(Stored data entries)
---

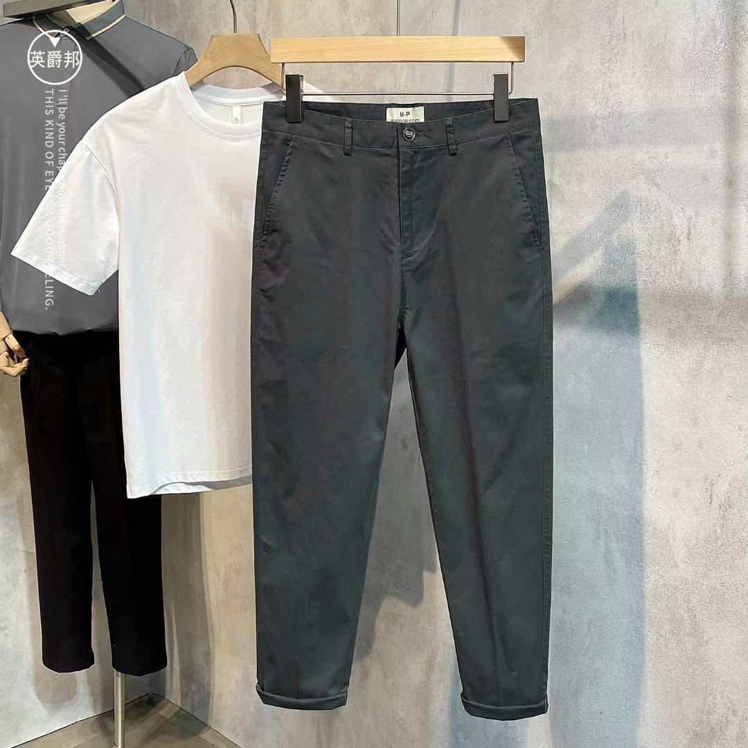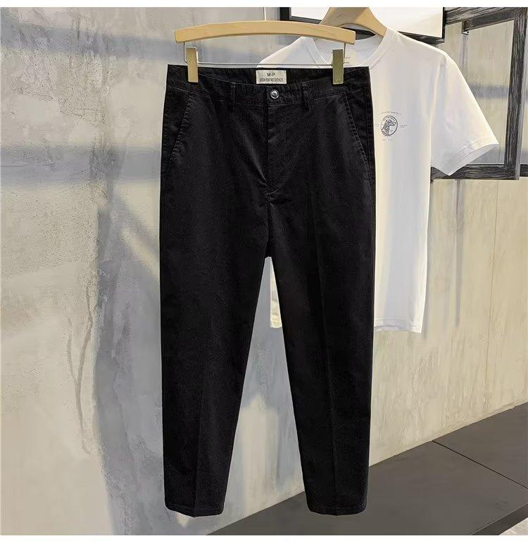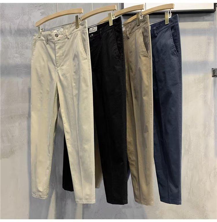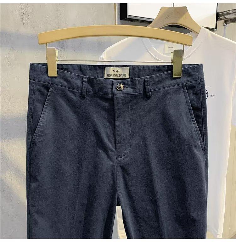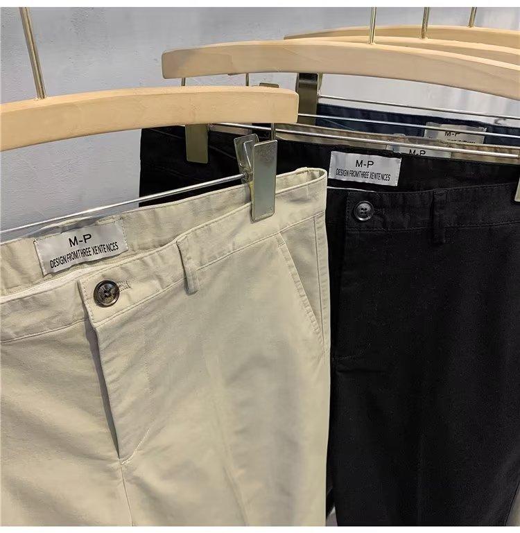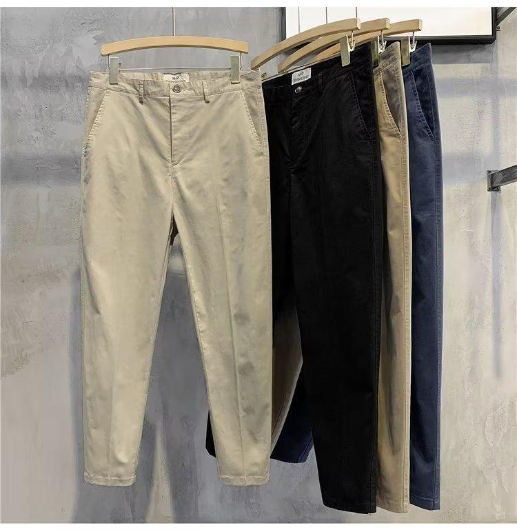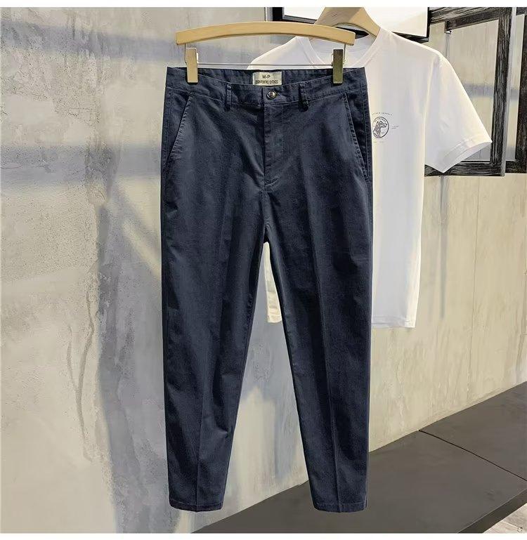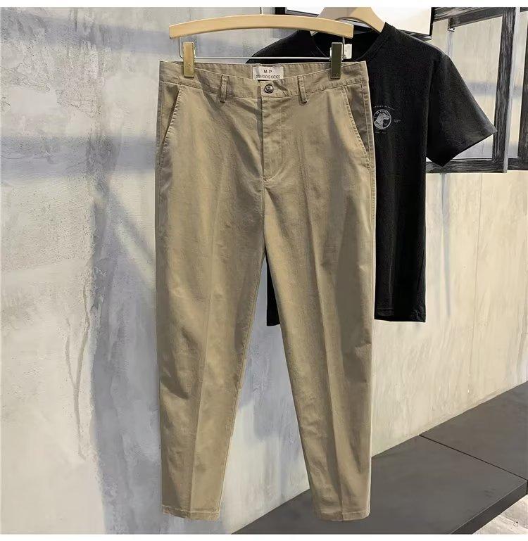 Calças casuais brancas masculinas Calças finas de verão pequenas Calças retas simples Primavera e outono Calças curtas masculinas Calças de algodão para negócios
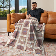 ? Oversized; super soft, silk touch fabric front; plush, neutral color sherpa back; decorative binding around all edges
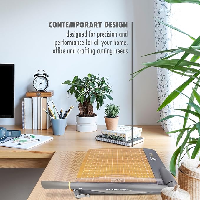 - Paper Guillotine: Featuring titanium-bonded cutting technology and the contemporary design that Westcott is known for, this heavy-duty paper cutter is designed to deliver unparalleled performance
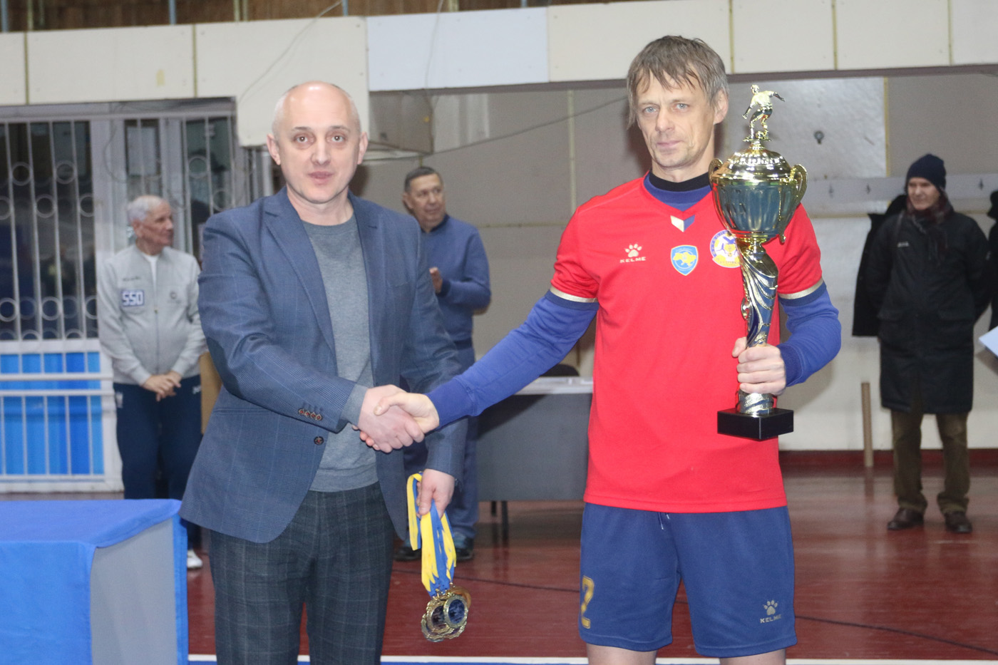 І ось, довгоочікувана головна нагорода… Команда «Кудрівка-Veterans» цього року створила справжній фурор в ветеранському футболі, зробивши «золотий» хет-трик! Спершу перемогла в чемпіонаті України 45+, згодом в чемпіонаті України 35+ і, нарешті, в Різдвяному турнірі пам’яті. Головний трофей із рук Олега Собуцького отримав капітан Валентин Васильєв!
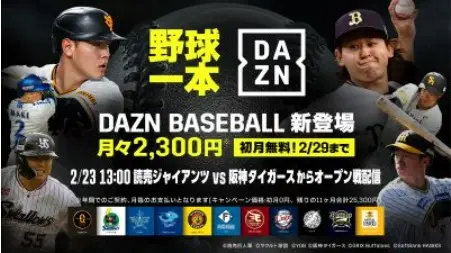 DAZNでは2月1日より、プロ野球に特化した「野球一本」の新プラン「DAZN BASEBALL」のサービスを開始。春季キャンプ、オープン戦はもちろん、公式戦、交流戦、クライマックスシリーズのライブ配信、さらにオリジナルコンテンツなどが月々2,300円(年間27,600円)で視聴可能となる。
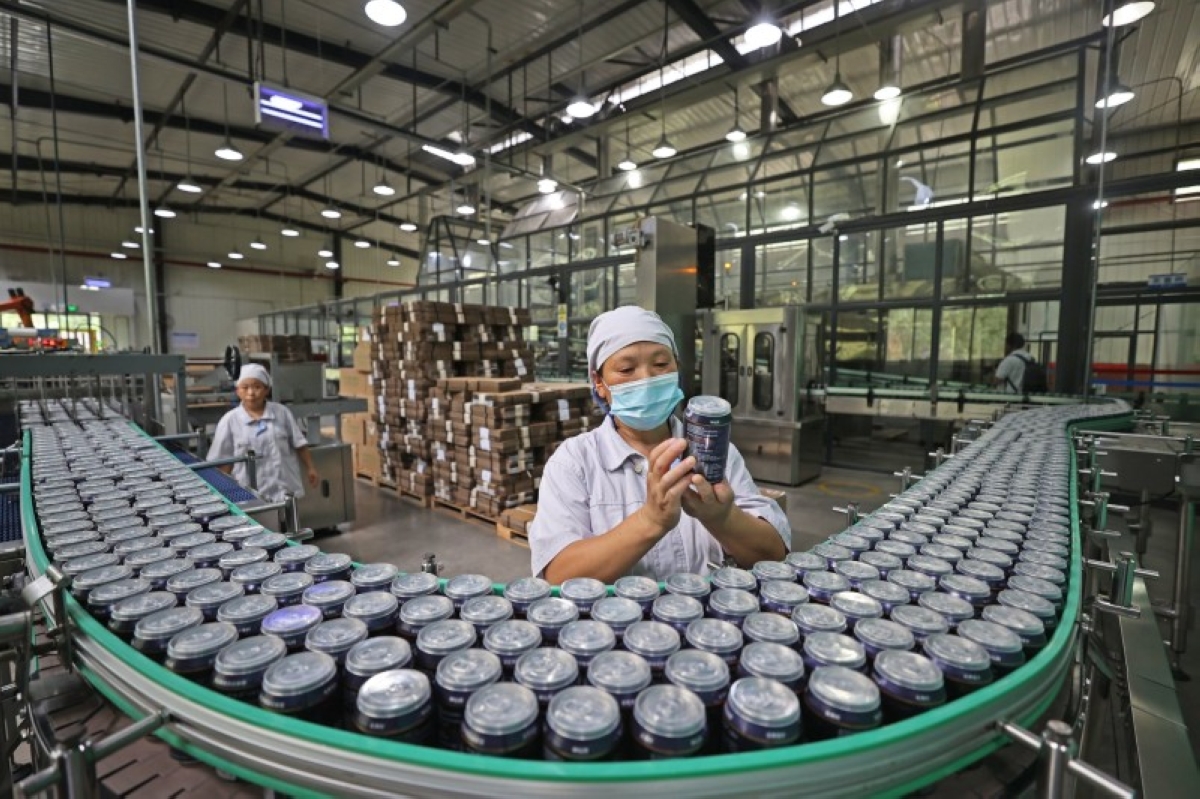 تواصل العديد من الشركات المتخصصة في الأغذية تكثيف صناعاتها خلال الفترة الحالية، تزامناً مع ارتفاع الطلب على المنتجات المعلبة من المستهلكين. وتظهر الصورة عاملة في أحد المصانع، خلال مراقبتها جودة المنتجات بعد الانتهاء من تصنيعها. (إيكونومي دايلي الصينية)
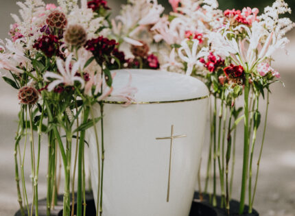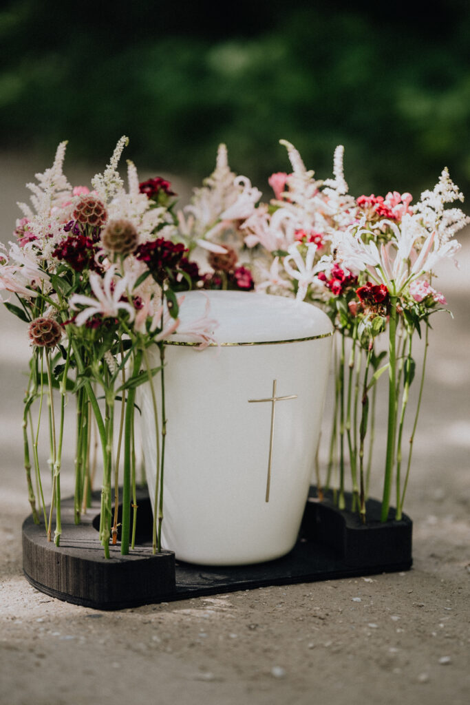 Einfühlsame Blumengestaltung für einen würdevollen Abschied.
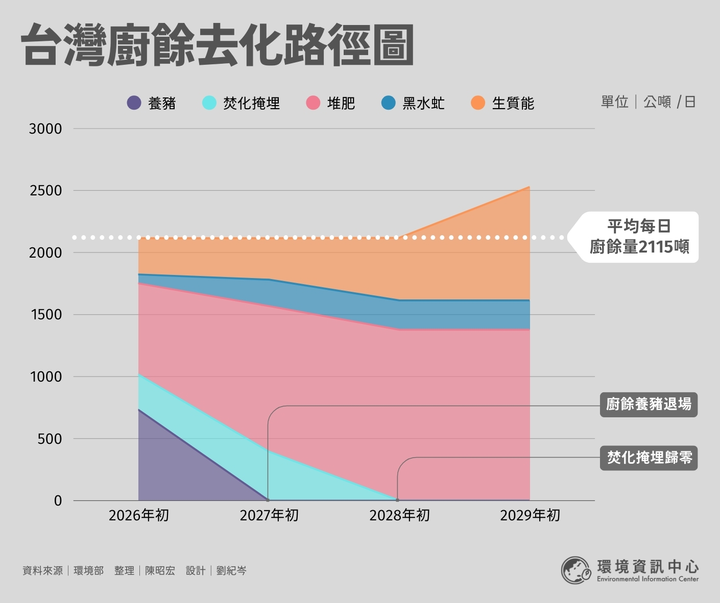 我國政府宣布2027年起全面禁止廚餘養豬,2026年開放一年事業廚餘作為過渡措施。環境部規劃三年內擴充堆肥、生質能與黑水虻等廚餘去化量能,預計2028年全面到位並逐步終結焚化與掩埋。然而,量能不足、處理成本攀升及民眾分類習慣未改,仍可能使廚餘持續進入焚化體系。
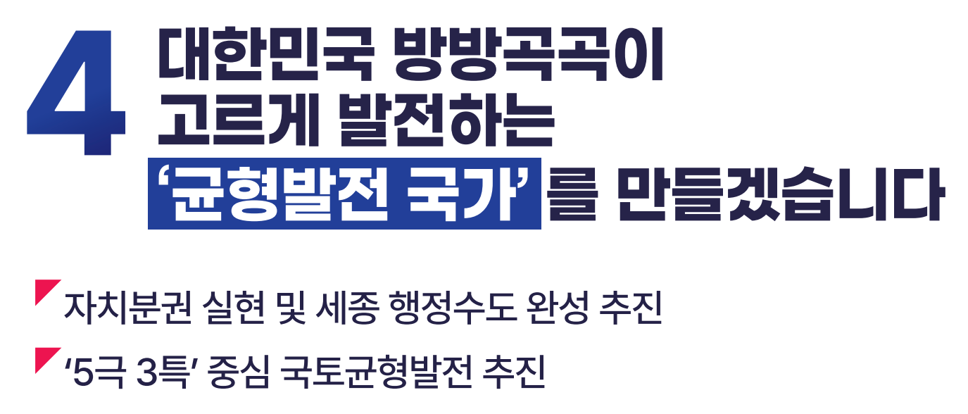 21대 대통령 선거 6번째 대선 공약으로 세종의사당과 대통령 집무실을 조기에 구축하여 세종 행정수도를 완성하고, 5대 초광역권 및 3대 특별자치도를 중심으로 균형발전을 추진합니다.
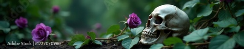Skull resting on a purple rose amidst overgrown vines, greenery, foliage, tropical
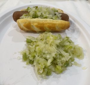 • In a large bowl combine sauerkraut, celery, onion and green pepper.
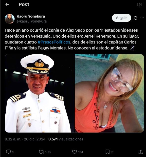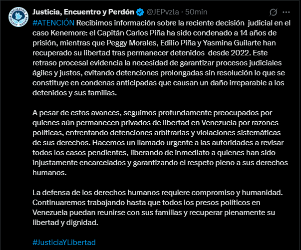 A través de su cuenta oficial en X, la organización informó que el capitán Carlos Piña fue condenado a 14 años de prisión, mientras que Peggy Morales, Edilio Piña y Yasmina Guilarte recuperaron su libertad después de permanecer detenidos durante más de dos años sin sentencia.

---

## TASK
Skip every picture and return the lines above from the top through the one that contains "Skull resting on".

## REPLY TO THE EXERCISE
 Calças casuais brancas masculinas Calças finas de verão pequenas Calças retas simples Primavera e outono Calças curtas masculinas Calças de algodão para negócios
 ? Oversized; super soft, silk touch fabric front; plush, neutral color sherpa back; decorative binding around all edges
 - Paper Guillotine: Featuring titanium-bonded cutting technology and the contemporary design that Westcott is known for, this heavy-duty paper cutter is designed to deliver unparalleled performance
 І ось, довгоочікувана головна нагорода… Команда «Кудрівка-Veterans» цього року створила справжній фурор в ветеранському футболі, зробивши «золотий» хет-трик! Спершу перемогла в чемпіонаті України 45+, згодом в чемпіонаті України 35+ і, нарешті, в Різдвяному турнірі пам’яті. Головний трофей із рук Олега Собуцького отримав капітан Валентин Васильєв!
 DAZNでは2月1日より、プロ野球に特化した「野球一本」の新プラン「DAZN BASEBALL」のサービスを開始。春季キャンプ、オープン戦はもちろん、公式戦、交流戦、クライマックスシリーズのライブ配信、さらにオリジナルコンテンツなどが月々2,300円(年間27,600円)で視聴可能となる。
 تواصل العديد من الشركات المتخصصة في الأغذية تكثيف صناعاتها خلال الفترة الحالية، تزامناً مع ارتفاع الطلب على المنتجات المعلبة من المستهلكين. وتظهر الصورة عاملة في أحد المصانع، خلال مراقبتها جودة المنتجات بعد الانتهاء من تصنيعها. (إيكونومي دايلي الصينية)
 Einfühlsame Blumengestaltung für einen würdevollen Abschied.
 我國政府宣布2027年起全面禁止廚餘養豬,2026年開放一年事業廚餘作為過渡措施。環境部規劃三年內擴充堆肥、生質能與黑水虻等廚餘去化量能,預計2028年全面到位並逐步終結焚化與掩埋。然而,量能不足、處理成本攀升及民眾分類習慣未改,仍可能使廚餘持續進入焚化體系。
 21대 대통령 선거 6번째 대선 공약으로 세종의사당과 대통령 집무실을 조기에 구축하여 세종 행정수도를 완성하고, 5대 초광역권 및 3대 특별자치도를 중심으로 균형발전을 추진합니다.
Skull resting on a purple rose amidst overgrown vines, greenery, foliage, tropical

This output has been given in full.